Госпожа Галле начала названивать по всем имеющимся у неё телефонам - однако, друзья, столь трепетно опекавшие её накануне, как будто куда-то попрятались. Во всяком случае, трубку никто не брал. Это окончательно убедило её в том, что произошло самое страшное: она угодила в ловушку спецслужб. В полном отчаянии она позвонила Фридриху.

Власов прикинул шансы на тот или иной исход. Разумеется, в арест или похищение - во всяком случае, произведённое силами тех организаций, которые упоминала впечатлительная журналистка - он не верил. Однако, какая-нибудь неожиданная пакость и в самом деле могла произойти. Исходить она могла, разумеется, только от любезных друзей фрау. Идиотская фраза про арест, правда, не вписывалась ни в какую версию. Впрочем, возможно, фрау решили как следует напугать? Похоже, с ней здесь обращаются как с дурочкой... И вполне заслуженно, - решил Фридрих.

Чем ближе они подъезжали к дому, тем больше нервничала журналистка. Когда же они въехали на саму улицу, женщина снова сжалась в комочек, всем своим видом показывая, что готова к новой истерике.

Последний разворот - остался позади большой дом, увешанный рекламой - и "BMW" вкатил в узенький слякотный проулок. За ним открылся небольшой дворик, забитый машинами.

Заглушив мотор, Власов бросил Франциске: "ждите меня здесь, если что - звоните", и, не оглядываясь, пошёл к подъезду. Госпожа Галле что-то робко пискнула вслед, но он не расслышал.

За то время, пока они ехали, с погодой произошла обычная для Москвы метаморфоза: плавно опускавшийся снег, в котором, если забыть о порождаемых им дорожных проблемах, было даже что-то элегическое, превратился в настоящую метель с резким и злым ветром. Власов поспешно достал перчатки и с удовольствием натянул их на руки, жалея, что нечем прикрыть лицо. Пожалуй, летный шлем с прозрачным забралом-экраном сгодился бы здесь в самый раз...

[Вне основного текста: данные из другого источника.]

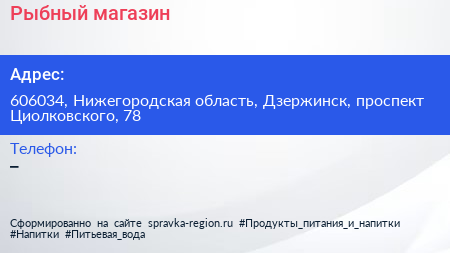 Рыбный магазин по адресу 606034, Нижегородская область, Дзержинск, проспект Циолковского, 78 в дальнейшем Организация, размещена в следующих категориях:

Дом был старым, солидным, построенным явно не вчера. Чёрную дверь из потемневшего резного дерева украшали следы снежков - видимо, резвились дети. Власов невольно вспомнил, как выглядел снег московских дворов до снегопада - грязный, ноздреватый, с желтыми подтеками собачьей мочи - и его передёрнуло.

В косяк был вделан крохотный домофон с металлическими бусинками кнопок. Фридрих открыл книжку, ткнул пальцам в кнопки 2 и 3 - это был номер квартиры - и стал ждать. Домофон тихонько зачирикал. Чирикал он минуты три, потом смолк. Похоже, в квартире и впрямь никого не было.

Тем не менее, войти внутрь было необходимо. И, желательно, не вызывая подозрений.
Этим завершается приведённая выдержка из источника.